4.3 Time cost for the virtual sample selection
As we previously discussed, the self-paced learning framework essentially exchanges human labor work with computational costs through the bootstrapping process. So, the time cost for training the bootstrapping CNNs could be an important factor for the proposed spCNN framework, especially for larger datasets and/or more complicated network architectures. Currently we deploy the framework on two platforms: one is an in-house server installed with two NVIDIA Tesla P-100 GPUs. The other is the NVIDIA DGX-1 deep learning system with eight P-100 GPUs interconnected with the NVIDIA NVLink . Time costs for training one bootstrapping CNN in the bootstrapping module, as well as for performing one forward-backward propagation using different hardware configurations are listed in Table 2.
|Configuration||per Session (s)||per Iteration (ms)|
|In-house, single GPU||50.63||5.01%|
|In-house, 2 GPUs||50.92||5.00%|
|DGX1, single GPU||44.46||4.41%|
|DGX1, 2 GPUs||33.80||3.32%|
|DGX1, 4 GPUs||27.84||2.66%|
|DGX1, 8 GPUs||27.98||2.54%|
It can be seen that using the most advanced accelerator of NVIDIA DGX1, we can achieve a nearly 2-fold speed increase. It should be noted that the in-house sever shows a lowered running speed using two GPUs comparing with a single GPU, due to the fact that P2P DMA access between devices is needed for running Caffe in multiple-GPU mode. When the P2P access is not supported (as in our in-house server), data will need to be copied through hosts thus severely affect the performance. On the contrary, the DGX1 system is much better optimized for parallelizing the computational loads across multiple GPUs, showing the importance of the P2P DMA access and the NVIDIA NVLink technology. Also, we observe that using 8 GPUs in DGX1 does not result in better performance comparing with 4 GPUs even though the iteration time has been reduced, which is most likely due to the fact that the overhead for parallelization became dominant in the time cost for 8 GPUs. Considering the fact that the current CNN architecture is relatively simple, we envision that 8 GPUs will outperform other configurations in more complicated cases.

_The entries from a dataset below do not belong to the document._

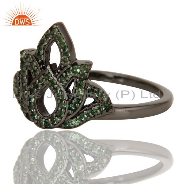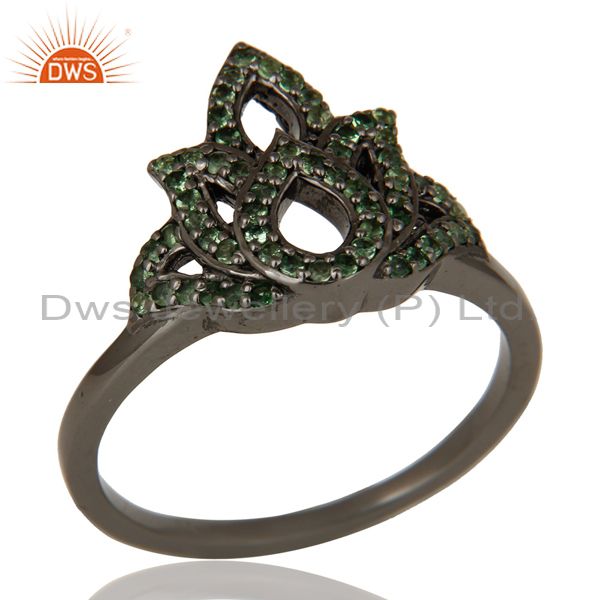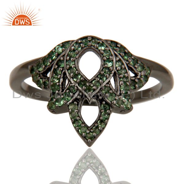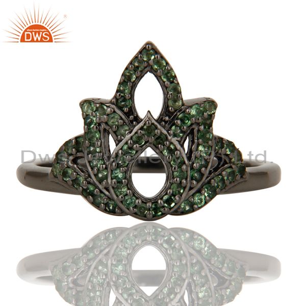 Crown Design Tsavourite and Oxidized Sterling Silver Beautiful Ring
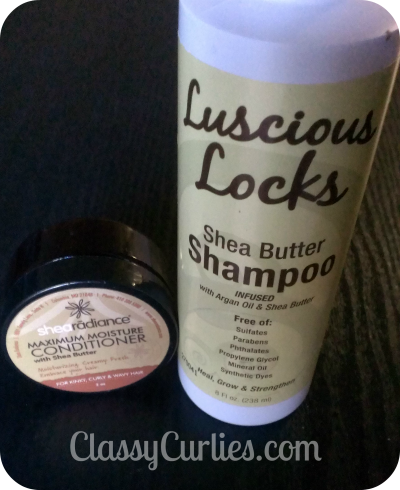 I also decided to try out two new products today. I washed with Luscious Locks Shea Butter Shampoo and I deep conditioned with Shea Radiance Maximum Moisture Conditioner. I deep conditioned for 30 minutes under a cap and rinsed.
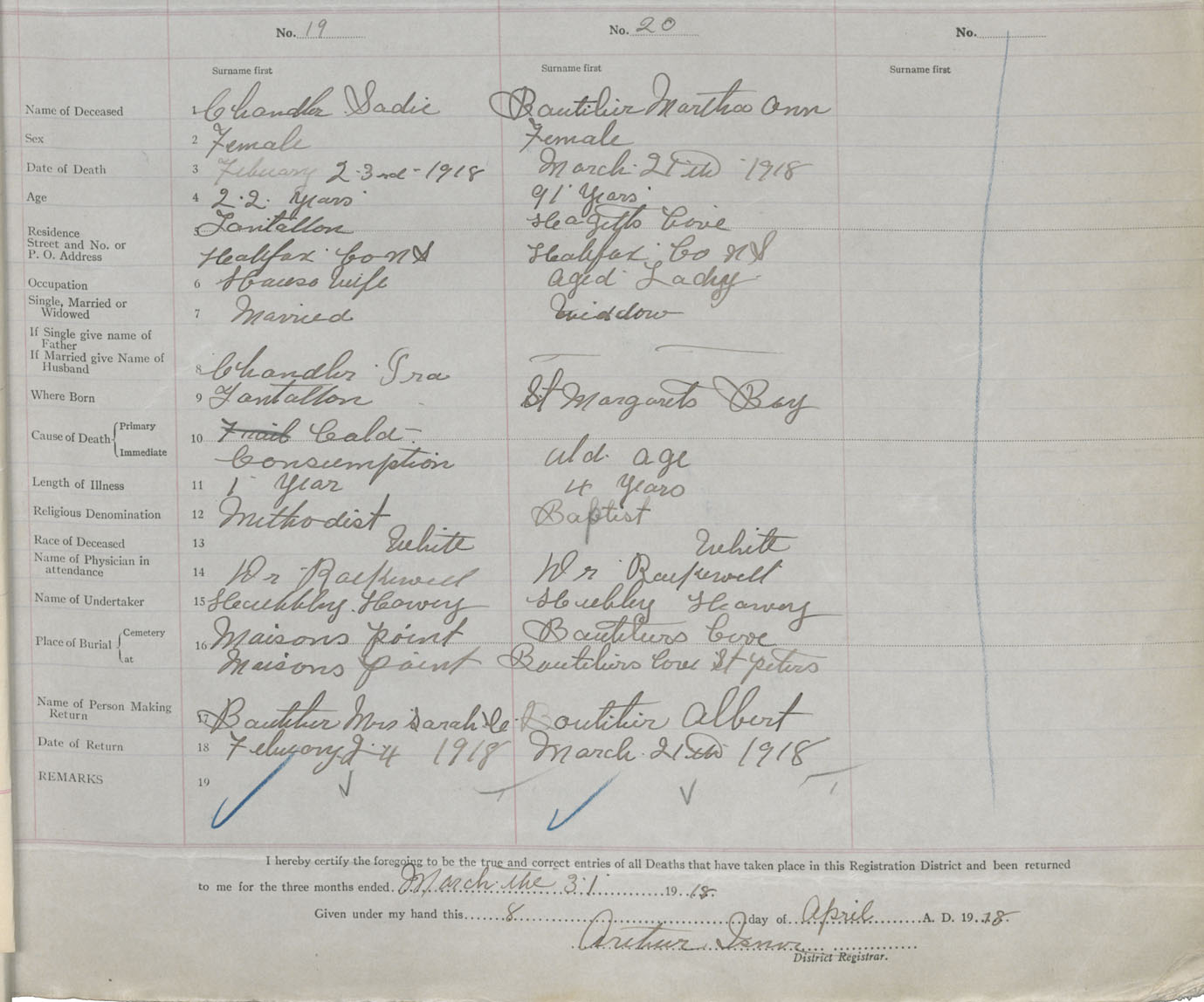 Female Death Registration: Year: 1918 book: 35 page: 7 number: 20
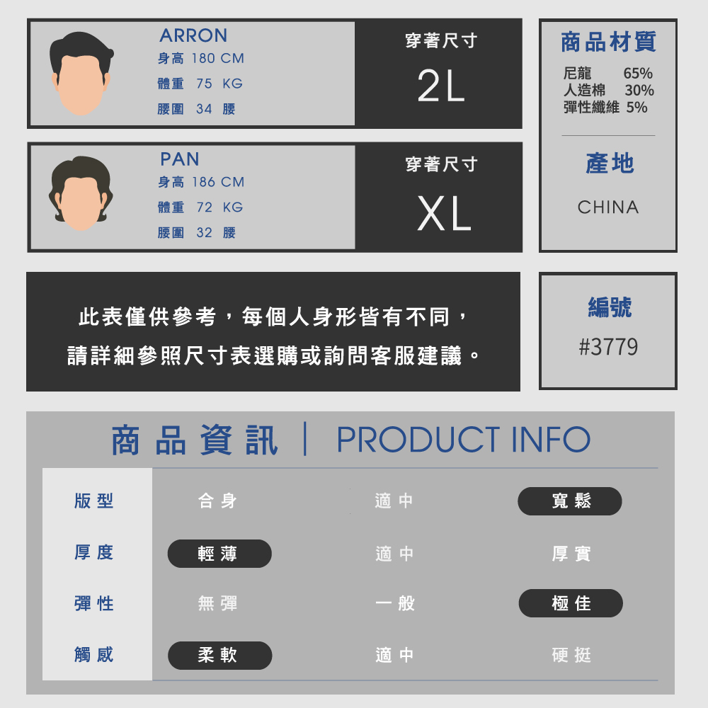 📌 尼龍65%、人造棉30%、彈性纖維5%
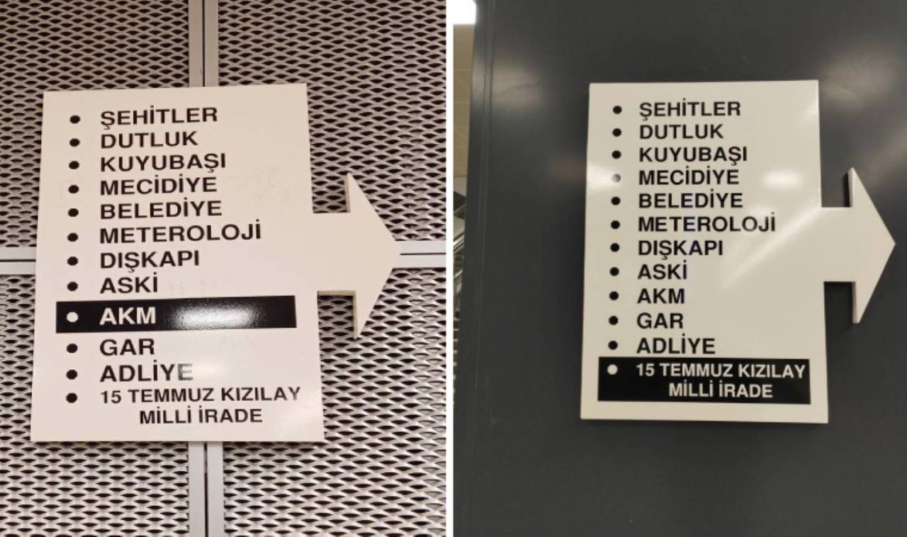 Söz konusu tabelalarda “Atatürk Kültür Merkezi” istasyonunun adı sadece “AKM” olarak yer alırken yurttaşlar bu duruma tepki gösterdi. Kızılay’daki istasyonun adı ise “15 Temmuz Kızılay Milli İrade” olarak tam haliyle yer aldı. Bunun yanı sıra hattın üzerinde yer alan “Meteoroloji” istasyonunun adı, tüm tabelalara eksik harfle “Meteroloji” olarak yazıldı.
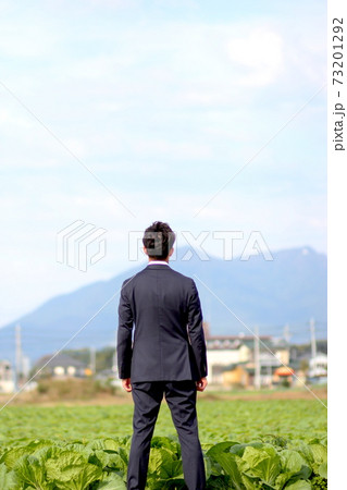 白菜畑で筑波山を眺めながらたたずむスーツ姿の男性
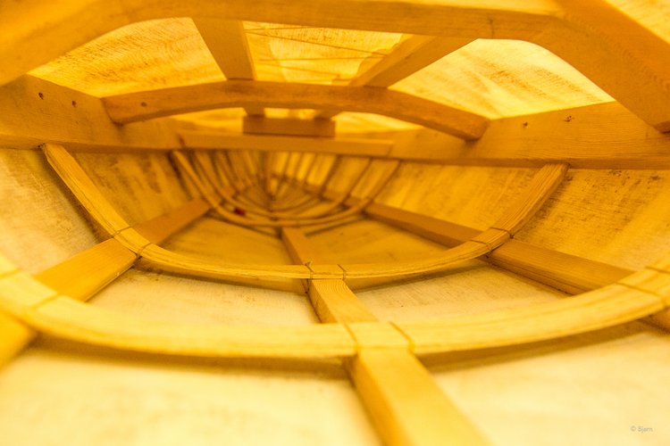 — Inside a quayak. Maligiak Padilla, from Greenland, has been teaching traditional qayaq building in the Bering Straights school district.
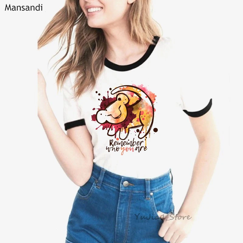 Вспомним, кто ты, акварельный Лев, король Симба, женская футболка Акуна Матата, белый летний топ, футболка, femme camiseta mujer
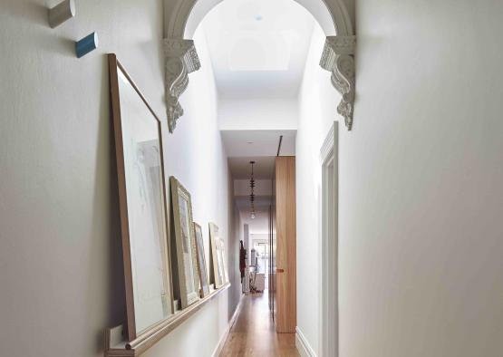 Tasmanian Oak was used for its versatility and use in a wide range of applications, from its use in the cladding in the skylight to the kitchen cabinetry. Its ability to be glue-laminated to cover long spans meant it was ideal for our project to cover both the kitchen and hallway, creating a unified material along the hallway. Consistency of colour and grain creates a seamless transition between the spaces.
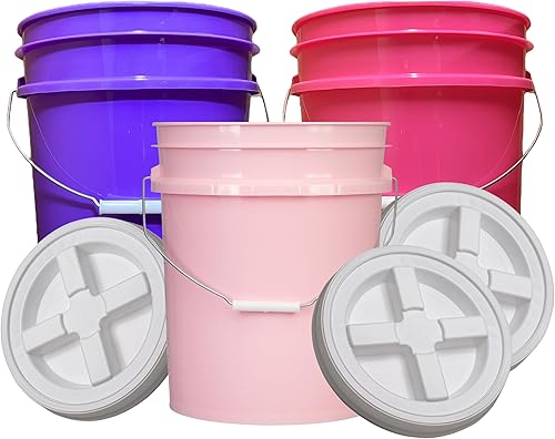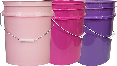 House Naturals 5 Gallon Food Grade Plastic Bucket, 3 Colors, BPA Free, Made in USA (Pack of 3) Buckets only, no lids
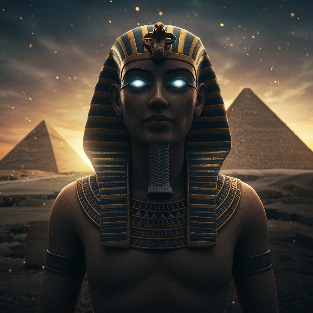 A highly detailed and mysterious Egyptian figure with strikingly bright eyes stands against the backdrop of ancient pyramids, surrounded by an aura of cinematic lighting. The scene is depicted in a photorealistic and cinematic masterpiece style. The skin displays subtle skindentation, adding depth and realism to the figure's appearance. The atmosphere evokes a sense of wonder and intrigue, reminiscent of a painting by a classic master, yet with a modern twist. The composition skillfully blends elements of ancient mystique with contemporary artistic flair, creating a captivating and enigmatic image.
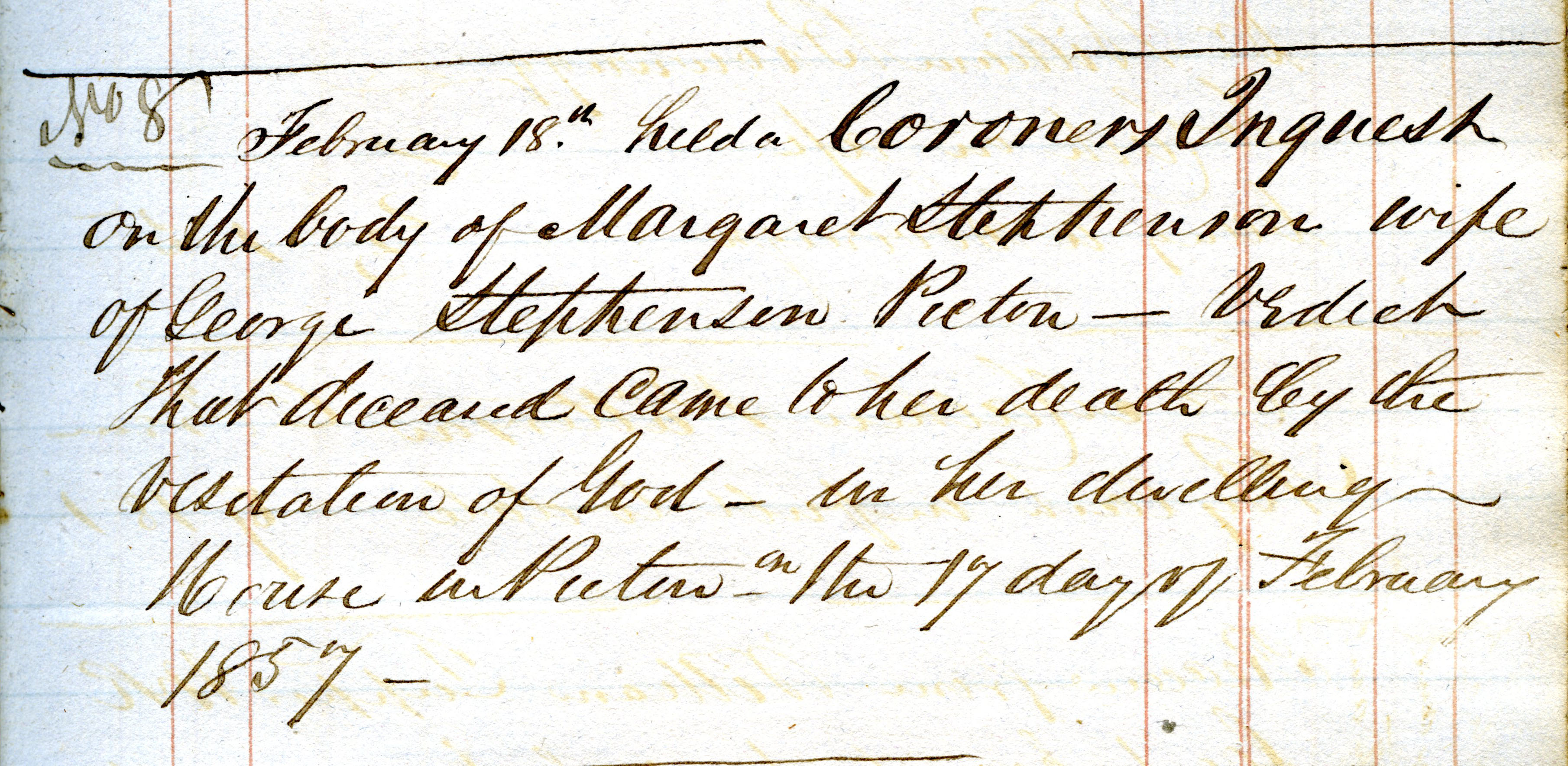 No. 8 February 18th held a Coroners Inquest on the body of Margaret Stephensen wife of George Stephensen Pictou — Verdict that deceased came to her death by the visitation of God in her dwelling House in Pictou on the 17 day of February 1857

5 Conclusion and Discussion
In this work, we develop the self-paced scheme for identifying virtual samples from the unlabeled data and use them to retrain a new CNN, in order to overcome the problems of the lack of training samples. The FDR-controlled statistical testing for the virtual sample selection based on bootstrapping scheme shows that the current optimized threshold is around =0.1. Similar threshold could be used for analyzing the rest of the data within the COPDGene dataset as such inference is not affected by the number of classes nor the number of samples tested. Actually, we propose that the parameter tuning on the threshold is essentially the empirical characterization for the relationship between the distribution of the network outputs and the quality/confidence of the corresponding samples which is highly related with the dataset. According our experience in the self-paced learning procedure, we envision that further improve for the performance of spCNN could be achieved by gradually selecting the virtual samples in multiple rounds, similar to the majority of curriculum learning methods. In other words, after selecting the virtual samples and retraining the new CNN, we can update the bootstrapping CNNs based on the mixture data (with subsampling), then perform the same virtual sample selection again on the remaining dataset. The multiple-rounds application of spCNN thus form a closed loop from the selected virtual samples back to the selection process.
-  M. Anthimopoulos, S. Christodoulidis, L. Ebner, A. Christe, and S. Mougiakakou. Lung pattern classification for interstitial lung diseases using a deep convolutional neural network. IEEE Transactions on Medical Imaging, 35(5):1207–1216, 2016.
-  Dan C. Cireşan, Alessandro Giusti, Luca M. Gambardella, and Jürgen Schmidhuber. Mitosis detection in breast cancer histology images with deep neural networks. Medical Image Computing and Computer-Assisted Intervention – MICCAI, 2013.
-  Dinggang Shen, Guorong Wu, and Heung-Il Suk. Deep learning in medical image analysis. Annual Review of Biomedical Engineering, 2016.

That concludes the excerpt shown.